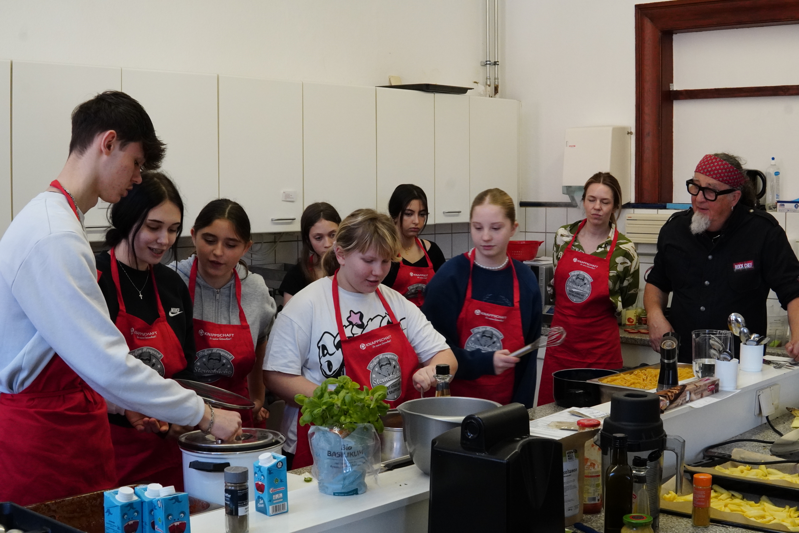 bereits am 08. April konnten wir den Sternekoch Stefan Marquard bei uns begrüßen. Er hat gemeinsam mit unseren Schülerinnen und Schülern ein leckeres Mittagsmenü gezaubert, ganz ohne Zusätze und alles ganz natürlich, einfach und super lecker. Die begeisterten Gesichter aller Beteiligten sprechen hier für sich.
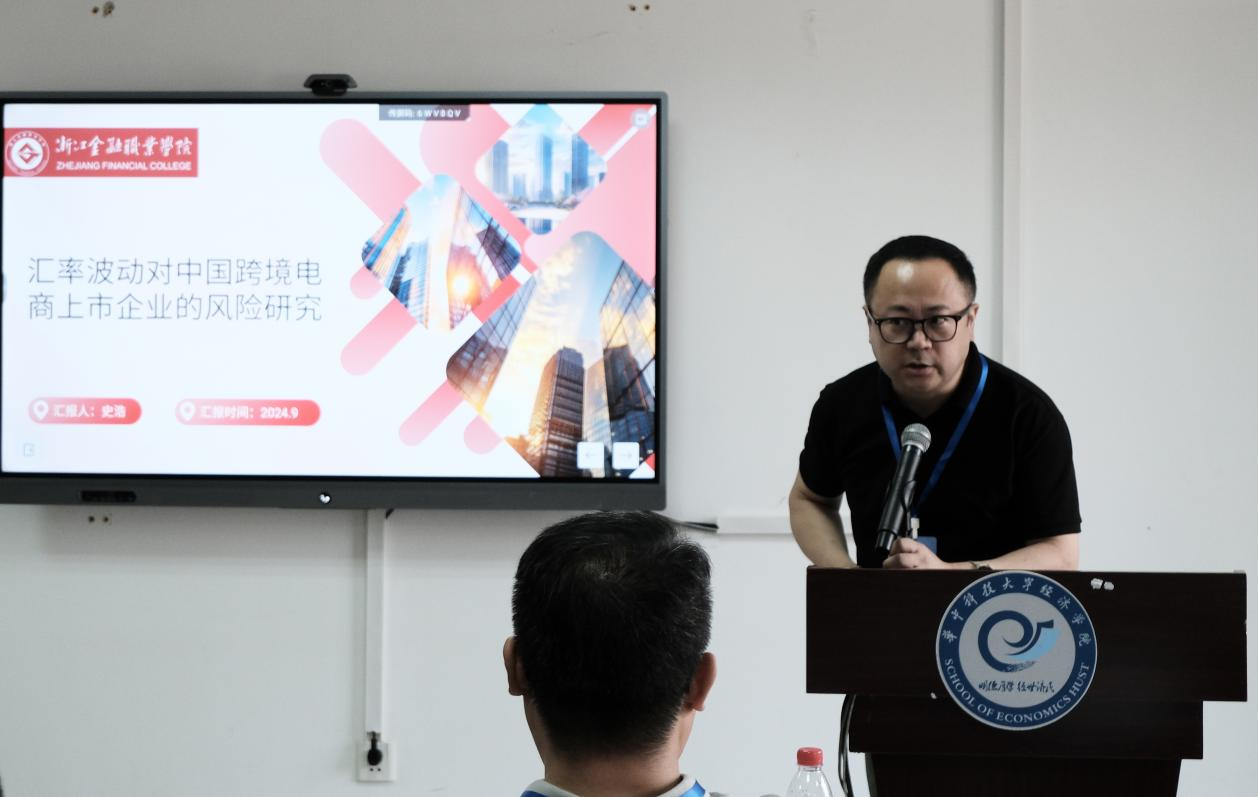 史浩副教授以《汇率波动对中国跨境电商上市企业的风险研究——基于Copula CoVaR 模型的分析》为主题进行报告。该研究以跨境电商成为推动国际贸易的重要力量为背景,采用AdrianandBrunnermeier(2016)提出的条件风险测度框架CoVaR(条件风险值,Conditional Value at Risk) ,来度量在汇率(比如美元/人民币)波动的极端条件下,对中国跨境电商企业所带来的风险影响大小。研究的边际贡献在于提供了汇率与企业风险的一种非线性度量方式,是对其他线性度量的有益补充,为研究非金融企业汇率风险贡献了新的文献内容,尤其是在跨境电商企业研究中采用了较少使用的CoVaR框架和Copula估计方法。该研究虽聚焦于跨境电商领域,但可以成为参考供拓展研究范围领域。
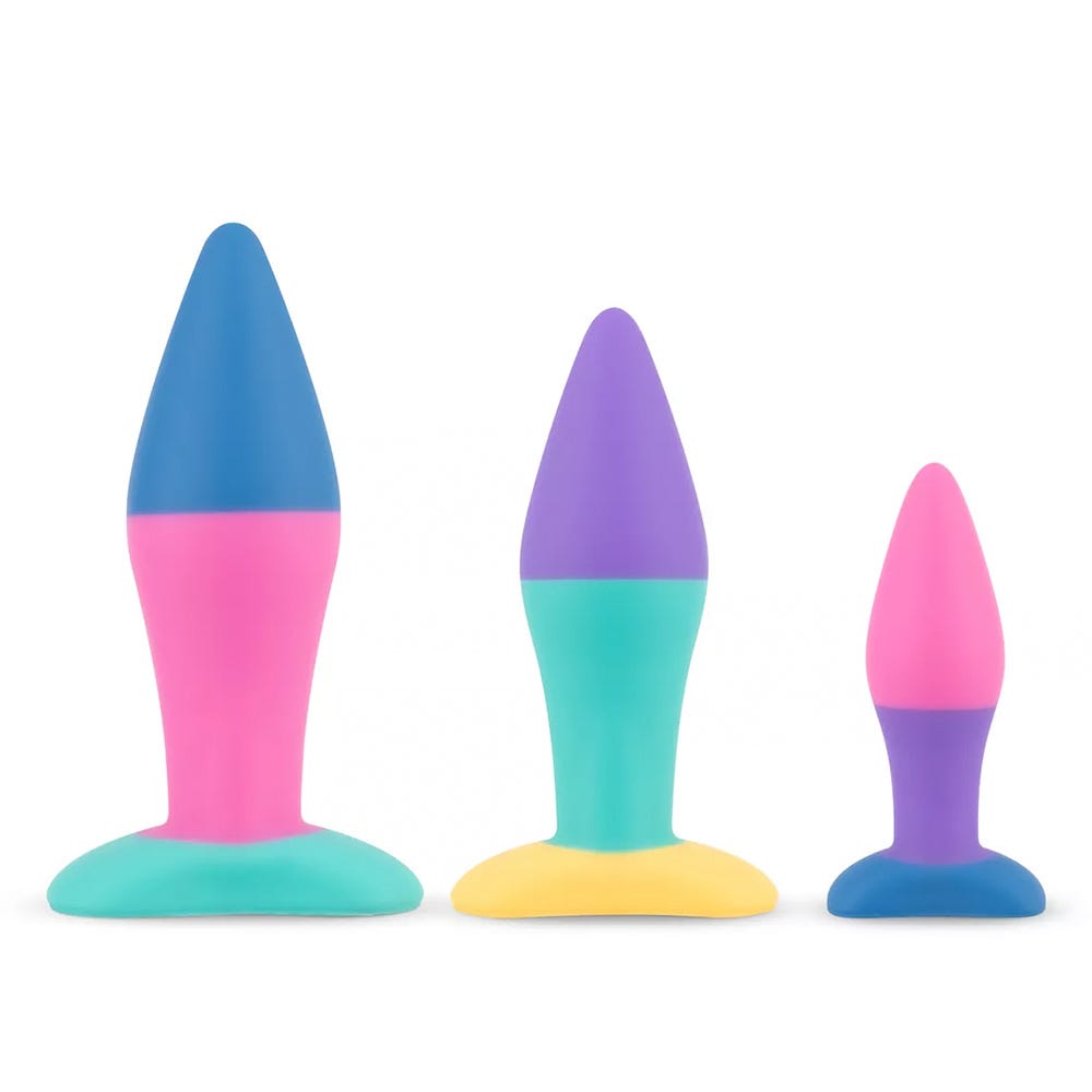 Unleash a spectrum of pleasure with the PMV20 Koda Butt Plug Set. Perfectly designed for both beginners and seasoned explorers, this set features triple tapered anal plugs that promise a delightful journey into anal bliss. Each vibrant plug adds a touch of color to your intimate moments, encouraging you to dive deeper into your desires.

Exercise details: Without copying any picture, repeat the full listing above word for word.

Response below:
 bereits am 08. April konnten wir den Sternekoch Stefan Marquard bei uns begrüßen. Er hat gemeinsam mit unseren Schülerinnen und Schülern ein leckeres Mittagsmenü gezaubert, ganz ohne Zusätze und alles ganz natürlich, einfach und super lecker. Die begeisterten Gesichter aller Beteiligten sprechen hier für sich.
 史浩副教授以《汇率波动对中国跨境电商上市企业的风险研究——基于Copula CoVaR 模型的分析》为主题进行报告。该研究以跨境电商成为推动国际贸易的重要力量为背景,采用AdrianandBrunnermeier(2016)提出的条件风险测度框架CoVaR(条件风险值,Conditional Value at Risk) ,来度量在汇率(比如美元/人民币)波动的极端条件下,对中国跨境电商企业所带来的风险影响大小。研究的边际贡献在于提供了汇率与企业风险的一种非线性度量方式,是对其他线性度量的有益补充,为研究非金融企业汇率风险贡献了新的文献内容,尤其是在跨境电商企业研究中采用了较少使用的CoVaR框架和Copula估计方法。该研究虽聚焦于跨境电商领域,但可以成为参考供拓展研究范围领域。
 Unleash a spectrum of pleasure with the PMV20 Koda Butt Plug Set. Perfectly designed for both beginners and seasoned explorers, this set features triple tapered anal plugs that promise a delightful journey into anal bliss. Each vibrant plug adds a touch of color to your intimate moments, encouraging you to dive deeper into your desires.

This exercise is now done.